How do you build a customer data strategy? It’s harder than it sounds and many enterprises struggle with the process, avoid it altogether, or relegate it to a departmental function (usually IT). But customer data is cross-departmental and cross-functional. There’s often no common or shared understanding of what it is, why it’s important, and who is responsible for its curation and elevation. And decades-worth of technology investments and past data initiatives (some successful, some not) create a healthy dose of skepticism and confusion at any organization about the utility, potential and direction of a customer data strategy.
Fortunately, there is a method to creating alignment, and a roadmap for customer data fluency that provides organizational clarity, a clear technology roadmap, and – most important – clear, tangible business applications for customer data that drive revenue, save money, and improve overall customer experience.
At Actable, we call this approach a Customer Data Enablement Playbook. It’s a three-step discovery framework and process that creates a comprehensive view of an enterprise’s customer data readiness across technology, team and business use-cases and deployments.
Here’s how it works:
Step 1: Business Demands and Use-Cases
The first step – and most crucial – is to assess business demands for customer data. Here we explore questions such as: what does the business want to do through more effective utilization of customer data? What could they do, and what should they do if customer data was “solved for” and flowed freely across the enterprise? What are the key pain-points that can be solved for with better customer data utilization? And how can customer data be leveraged to create more relevant customer experiences in in-bound and outbound communications?
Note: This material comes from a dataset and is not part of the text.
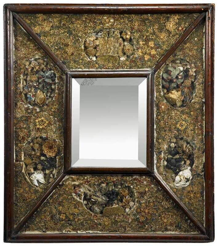 Rectangular frame with four quillworked panels of flowers and scrolls, each centering a vignette with castle, birds and flowers, figures and a nesting bird centering a mirror plate, worked with paper, shells, fabric and feathers.
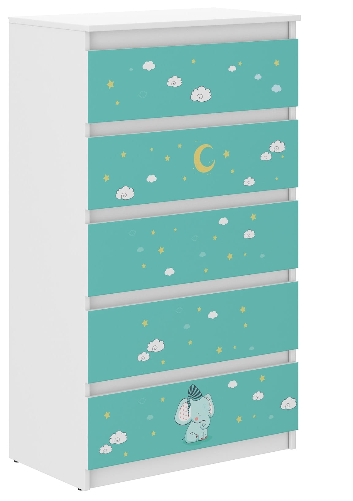 • 5 pakowne szuflady idealne na dziecięce ubranka lub drobne akcesoria.

Defining these business use-cases lays the groundwork for the technology systems and processes required to fulfill these business needs. Additionally, outlining specific real-world use-cases for customer data creates a share understanding of the utility of what can sometimes be an amorphous “customer data initiative.” Real-world applications for customer data are also the foundation for ROI assessments that underpin the business case for investment in customer data initiatives.
Step 2: Current-State Tech, Team and Data Assessment
The next step is to assess the current state of data readiness across the technology stack, organization and team, and existing data assets. First and foremost, we evaluate the current data assets available: what customer data exists in the enterprise today? How is it captured and how is it accessible? Are there consistent data governance standards across the organization? And what opportunities exist to extend and expand on data capture where assets may be scarce?
Next, we evaluate the current technology stack for data capture, opportunities for customer data creation, and the deployment vehicles for activation. How well do these systems work together? Where are there dead-ends and roadblocks? Are constituents getting the data they need, and in a timely fashion?
Finally, an organizational assessment is key to building a comprehensive customer data strategy. Current enterprise organizational structures are often ill-equipped to deal with customer data at a strategic level, as customer data spans departments and functions. Organizational alignment seeks to create a structure where teams can work across departments in the service of customer data, creating clear ownership and accountability.
Step 3: Can, Should, Could Framework Recommendations
The last step in the process is the prescription phase: recommendations which we deliver as a “can, should, could” roadmap. The “can,” includes near-term customer data wins that can roll out with limited investment and have an immediate impact and pay-off. The “should” includes mid-term initiatives that have a high payoff but require coordination, internal resourcing and some investment in tech upgrades and integrations. While the “could” framework describes that ideal state and long-term aspirational goals that can guide the evolution of the strategy over several years. Keep in mind, the “could” is an attainable state, not a pie-in-the-sky aspiration, but a state that requires ongoing commitment to customer data maturity.
At the end of this process an enterprise walks away with three tangible assets: 1) a team and organization aligned around customer data, what it means and why it’s important, 2) a clear roadmap for short-term, mid-term, and long-term execution, across tech, data and team, and 3) an investment case for customer data strategies with tangible use-cases that drive ROI.
From here, Actable’s remit often evolves to bringing the Data Enablement Playbook to fruition and bridging from the consultative discovery and diagnosis phase to actual implementation of systems and processes to drive use case deployment. That is, bringing the “can, should, could” framework to life. While the execution will be different for every enterprise, the framework above has been tried and tested, and provides a clear path for a winning customer data strategy.